"""

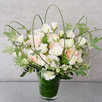 スプレーバラ・トルコキキョウ・アイビー・ピットストラム・アスパラ・ベアグラス・レザーファン・ドラセナ
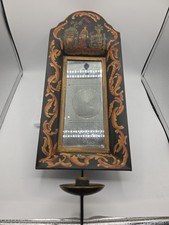 Vtg Lacquered Metal Chinoiserie Wall Mirror Sconce 21.5 Inches X 8 Inches
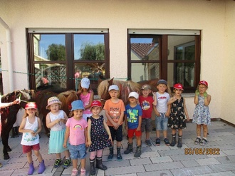 Zum Sommerfest durften die Kinder den ganzen Vormittag auf der Kutsche große Runden auf dem Schulhof drehen. Die Kinder waren so begeistert, dass wir es für eine gute Idee hielten, die Ponys öfter in den Kindergartenalltag mit einzubinden.

"""

■ **Work request**
Quote, please, only the lines running from the one with "Vtg Lacquered Metal" down to the final line of the data above, keeping both ends and skipping the pictures.

■ **Result**
 Vtg Lacquered Metal Chinoiserie Wall Mirror Sconce 21.5 Inches X 8 Inches
 Zum Sommerfest durften die Kinder den ganzen Vormittag auf der Kutsche große Runden auf dem Schulhof drehen. Die Kinder waren so begeistert, dass wir es für eine gute Idee hielten, die Ponys öfter in den Kindergartenalltag mit einzubinden.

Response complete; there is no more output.